Projects

CICERO

Secure AI
UEBA

CICERO is a group formed by 5 leading technology centres in the field of information technologies with extensive experience in cybersecurity technologies.

CICERO logo

At CICERO, we work to advance cybersecurity technologies for identifying, protecting against, detecting, responding to, and recovering from cyber threats. As digital technologies become more deeply integrated into daily life, the risks associated with them also increase. This makes continuous innovation in cybersecurity essential to adopting new technologies without exceeding acceptable levels of risk.

The consortium—formed by GRADIANT, CEIT, FIDESOL, I2CAT, and ITCL—works together to drive this mission and strengthen technology transfer across key research areas.

Personal contribution

Within CICERO, I lead two tasks focused on malware analysis and secure AI, and I also contribute to the security of ORAN networks.

Malware analysis

Developed a PoC application for Malware analysis, gathering over 30 Million Malware Samples from vx-undeground, which I then decompiled with Radare2 to generate a dataset with the assembly code of each binary, classified by family. The assembly instructions were tokenized and converted into embeddings, which were used to fine-tune a BERT-uncased model for malware family classification.

Although other architectures were tested, I chose BERT-uncased instead of larger models because it provides an excellent trade-off between accuracy and computational cost. Given the size of the dataset (tens of millions of samples), larger architectures would have required substantially more hardware and training time. BERT-uncased allowed me to process and fine-tune on massive amounts of assembly code efficiently while still achieving high classification performance.

The application had over 97% accuracy when detecting malicious against bening samples, and over 93% accuracy on detecting the correct malware family. The application was served using FastAPI endpoints via Uvicorn, with a simple UI with drag & drop functionaly, which allow users to easily analyse any binary. Additionally, the entire application was containerized with Docker, allowing it to be deployed seamlessly across different environments.

Secure AI

Developed a PoC application for testing and improving the robustness of text-based transformer models. The system generates evaluation pipelines capable of assessing models against a wide range of threats, including all out-of-the-box attacks provided by TextAttack as well as custom, user-defined threats created through Python scripts.

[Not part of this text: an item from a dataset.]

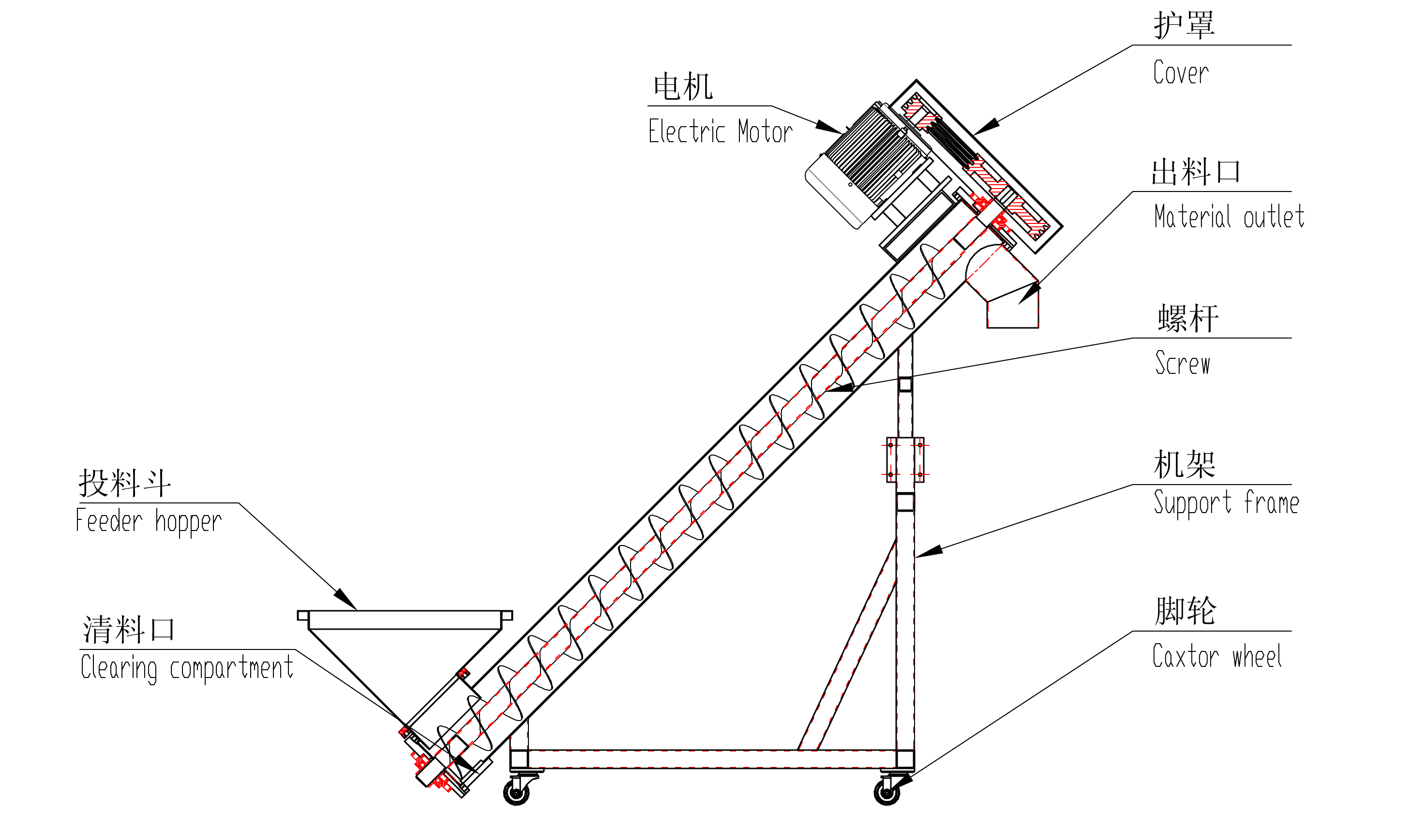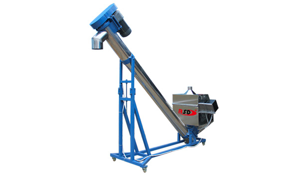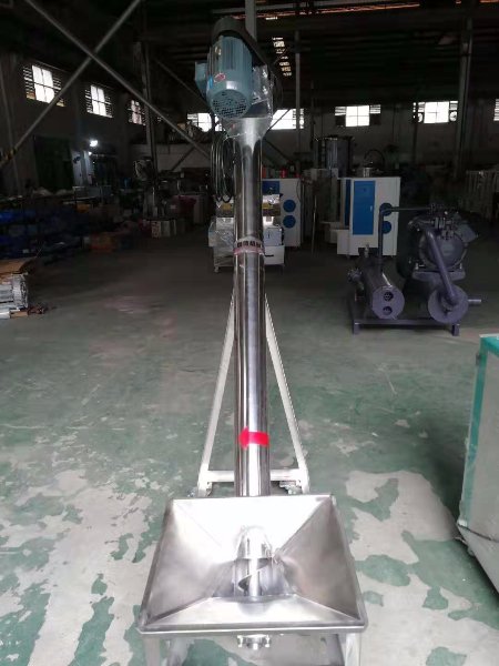 螺桿式上料機根據螺旋旋轉時,由葉片的推動作用,同時在物料自身重力、物料與料管內壁間的摩擦力以及物料的內摩擦力的作用下,物料與螺旋葉片和料管相對滑動的形式,在料管內向前移動的機械傳動原理設計的??捎糜谒苣z原料顆粒、粉塵料、礦砂等物料輸送;
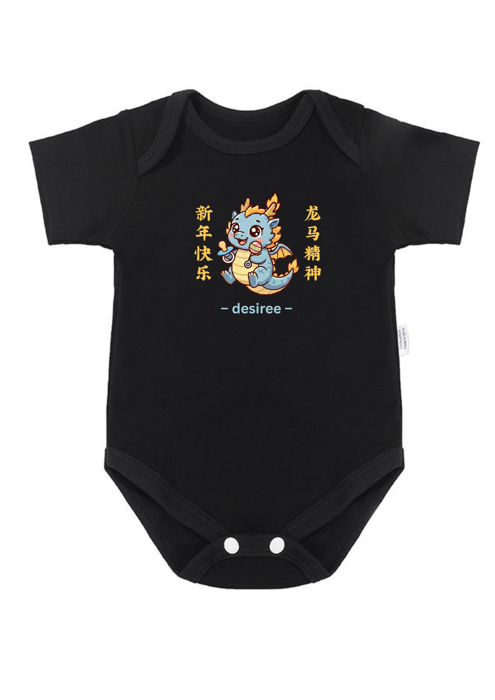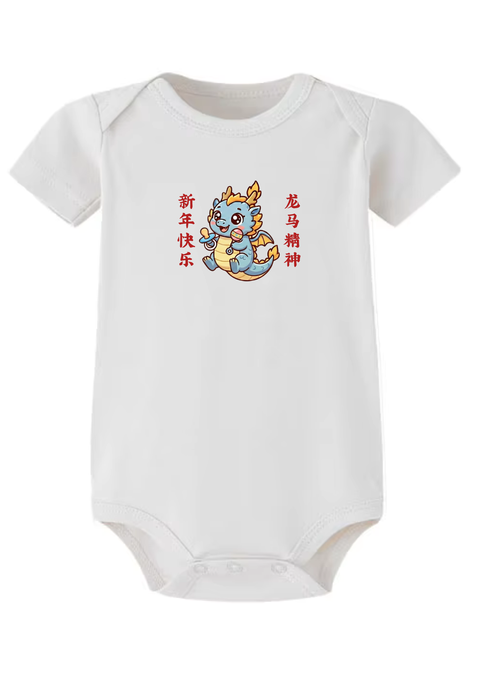 The design features a playful, bright-eyed baby dragon ready to ring in the celebrations with a festive rattle in hand. Flanked by the greetings "Happy New Year" (新年快乐) and the idiom "Long Ma Jing Shen" (Spirit of the Dragon), this outfit is a heartwarming blessing for vigor and happiness in the year ahead. It is the perfect photogenic look for a baby who is full of life and ready to charm the entire family.

The application also provides an intuitive interface for selecting multiple defense strategies, such as adversarial training, feature squeezing, and defensive distillation, and evaluating how models behave under adversarial conditions, with or without defenses enabled.

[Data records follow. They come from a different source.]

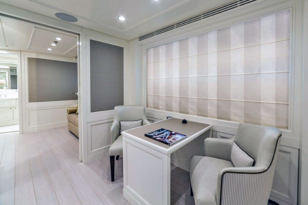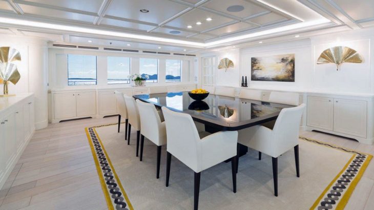 The interiors use a contemporary colour scheme of glistening white and metallic gold, further accentuated by silver and charcoal furnishings. The large open-plan layout forms a C-shaped aft seating area close to the port-side windows, leaving room adjacent for a bar. In the forward section of this space is a large dining table designed to seat all 10 guests surrounded by modern art work continuing the established theme.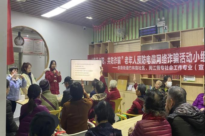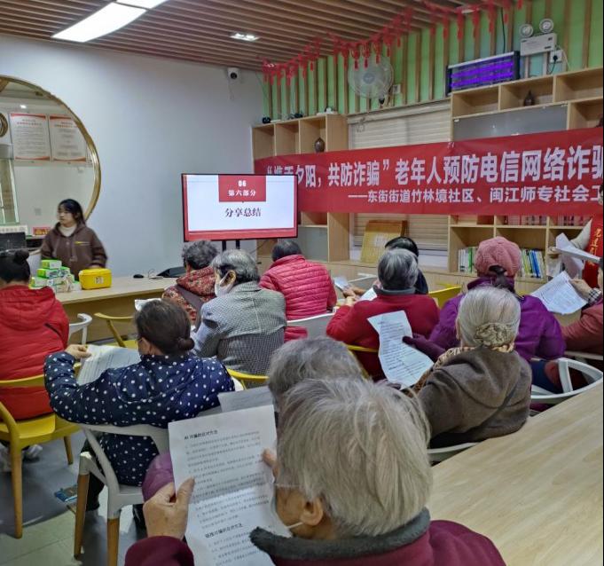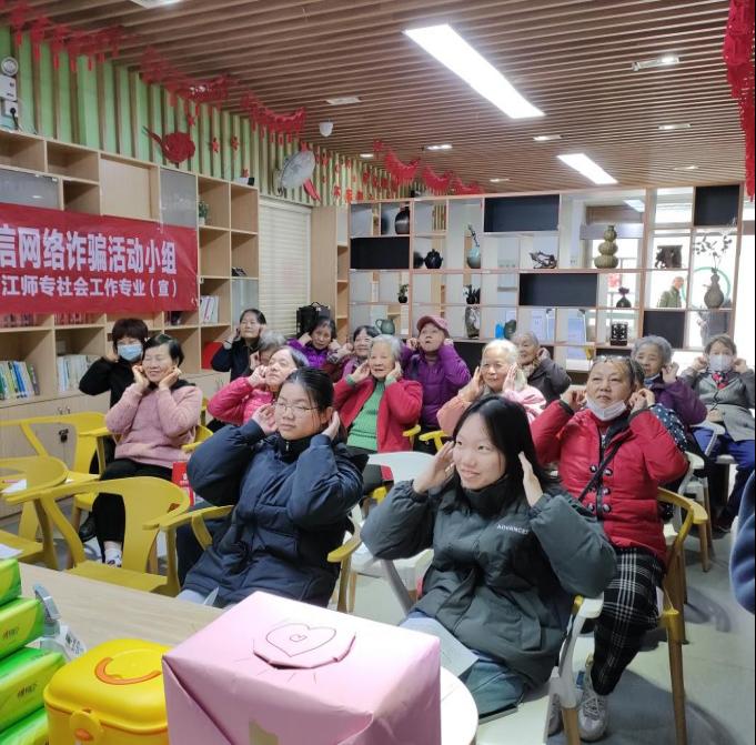 为提升社会工作专业学生实践能力,加强高校与社区之间的合作,2023年12月15日至12月27日,人文与管理学院社会工作专业学生赴竹林境社区开展“携手夕阳,共防诈骗”老年人预防电信网络诈骗小组活动,为此提高老年人防诈意识。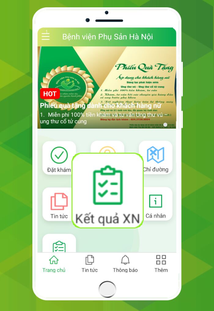 Bên cạnh tính năng đặt lịch thì App này còn giúp hỗ trợ nhận kết quả xét nghiệm. Người dùng chỉ cần nhập mã bệnh nhân tại bệnh viện Phụ sản Hà Nội ứng dụng sẽ cho phép kiểm tra kết quả xét nghiệm tức thì, cũng như tra lại kết quả cũ giúp khách hàng dễ dàng quản lý, tránh việc thất lạc kết quả không mong muốn.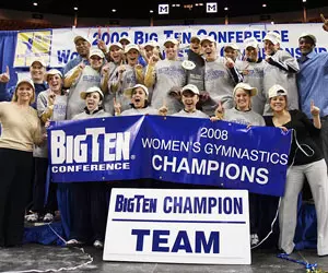 ANN ARBOR, Mich. -- Led by event titles from sophomore Sarah Curtis(Reno, Nev./Reno) and freshman Kylee Botterman(New Lenox, Ill./Lincoln-Way Central), the No. 4 University of Michigan women's gymnastics team won its 16th conference title in convincing fashion, outdistancing its nearest competitor by a full point at the Big Ten Championships Saturday afternoon (March 29) at Crisler Arena. The host Wolverines scored 196.750 on their home floor to defend their 2007 title, while runner-up Illinois finished at 195.750 in the seven-team meet.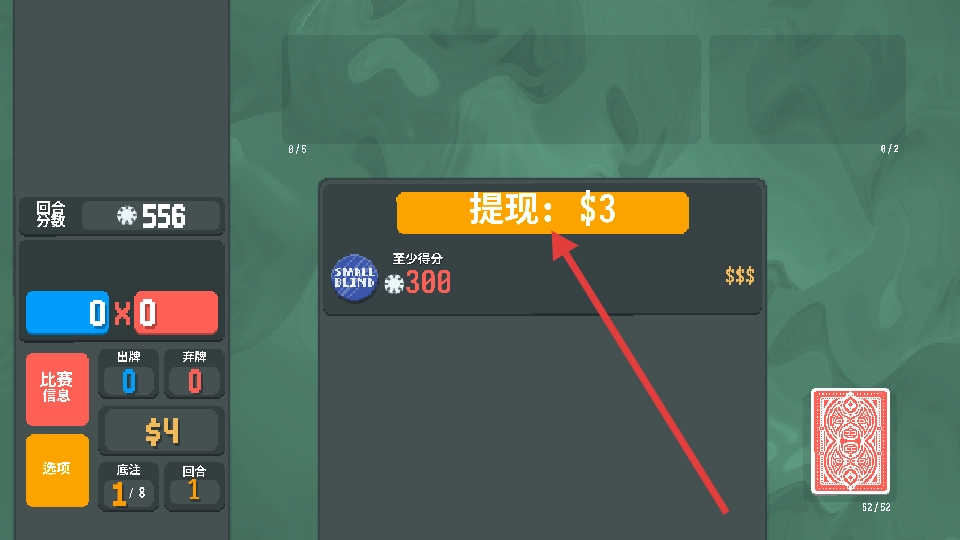 新手入门步骤:启动游戏后跟着新手引导走完操作流程,第一步选小盲注开启第一局对战,接着依据手牌特点选择要出的牌,在限定回合里拿到目标分数就能解锁后续玩法,轻松掌握基础规则。

The application was served using FastAPI and Uvicorn, featuring a simple drag-and-drop UI that allows users to easily test models and datasets. The entire system was containerized with Docker for seamless deployment across different environments.

ORAN Security

Performed log analysis on data generated by the O-RAN DU, RU, and CU modules to identify which log sources were most useful for producing security events aligned with the MITRE FIGHT Framework.

Afterwards I modified the OSSEC Agent to gather the required data and be able to send it to Wazuh, where I developed custom detection rules to identify relevant threats. I was also responsible for deploying, configuring, and maintaining the Wazuh toolstack on a VPS, as well as executing attacks against the O-RAN infrastructure using the KeySight IoT Security Assessment platform to validate the detection capabilities.